Greater access to data has given business leaders real, valuable insights into the inner workings of their organisations. Those who have been ahead of the curve in utilising the right kinds of data for the right purposes have reaped the rewards of better customer engagement, improved decision-making and a more productive business, whilst those who have lagged behind have found themselves faced with an uphill struggle to compete.

This, however, has only been the first part of the data story. As businesses have begun to recognise the positive impact data could have on how they run their business, they’ve taken a predictable next step: they’re collecting more of it. And lots more.

Whilst the logic that more data means greater and more varied business insights is sound on paper, our research suggests that many businesses don’t have a suitable strategy or the technological infrastructure needed to realise true business benefits from their growing data stores. We recently commissioned a survey of information technology decision-makers across US and UK businesses with 500 employees or more to examine enterprises’ data ambitions, investment plans, and return-on-investment (ROI) expectations.

The challenge is clear: around three-quarters (74 per cent) of our respondents believe their organisation has more data than ever but is struggling to use it to help generate useful business insights. So what are the challenges and stumbling blocks that businesses are facing when dealing with their data, and what steps can they take to solve them?

Understanding data value

Firstly, it’s necessary to find out what goals businesses have for their data. Nine in ten (90 per cent) IT decision-makers agree that it’s an increasingly high priority for their organisation to be able to better utilise data, with 86 per cent seeing this as being a key means of gaining competitive advantage.
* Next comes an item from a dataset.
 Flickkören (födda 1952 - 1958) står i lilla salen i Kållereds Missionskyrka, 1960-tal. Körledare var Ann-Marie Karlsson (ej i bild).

Drilling down further, many are aiming to make more effective use of data to improve organisation-wide operations. The most commonly cited goals were around improving business processes (64 per cent), driving operational efficiencies and reducing costs (57 per cent), as well as making business decisions more quickly (46 per cent).
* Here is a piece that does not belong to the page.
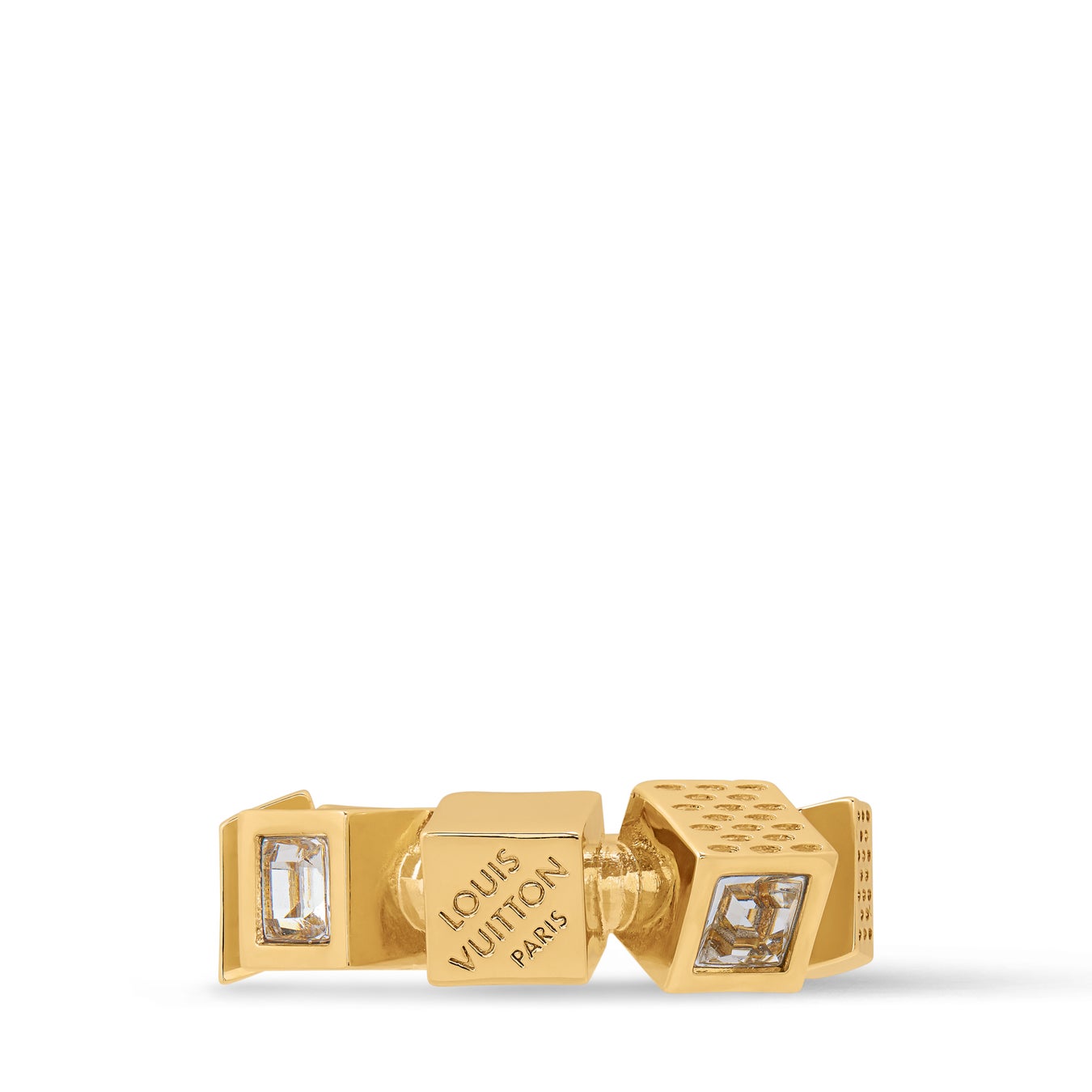 アイキャッチーな角ばったフォルムが魅力の「リング·LV キューブ」。ゴールドカラーのメタルバンドには、伝統的なダミエ·キャンバスを想起させるキューブが並び、繊細なラインや「Louis Vuitton Paris」のシグネチャーが刻印されています。きらめくストラスがグラマラスなアクセントを添える、魅惑的なリング。

Alongside this, a number of data goals relate to improving the customer experience. Over half (54 per cent) highlight improved customer service as a goal, and over a third (35 per cent) say the same for providing more tailored and personalised customer experiences. This is hardly a great shock. For any business, understanding the needs of your customer base and being able to shepherd them through their purchasing journey more effectively is key to pushing revenue growth.

Data investment and ROI

At the outset I highlighted that the amount of data businesses collect and generate is due to grow significantly in the future, and that, even today, businesses are struggling to turn their data into actionable insights. However, this isn’t from a lack of effort or financial support from within the business itself. This year, respondents’ organisations have allocated on average $797,537 to operationalising data. The expected average for 2019 jumps to $1,132,013, and in five years’ time it’s expected to be $1,725,309.
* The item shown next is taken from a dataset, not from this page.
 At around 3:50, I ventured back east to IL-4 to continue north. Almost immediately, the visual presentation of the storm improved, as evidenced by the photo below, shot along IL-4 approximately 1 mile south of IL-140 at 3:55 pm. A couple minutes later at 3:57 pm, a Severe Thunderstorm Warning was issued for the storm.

This willingness to invest is easily explained when we asked about the financial benefits expected from proper data use. Respondents estimate that, on average, their organisation would see annual revenue increase of $5,156,891. This equates to a staggering 547 per cent return, or $4,359,354 gain, on the current average investment. However, to realise these lofty data ambitions, businesses will need to invest this budget appropriately, rather than risk throwing good money after bad.

Disconnected data

The greatest stumbling block our respondents identified as hindering their attempts at better utilising data is one that has existed for some time, but seems to have worsened as data volumes have grown – data silos. Only 2 per cent of our respondents considered their business to be completely effective at data sharing – for the rest, data silos are a real problem.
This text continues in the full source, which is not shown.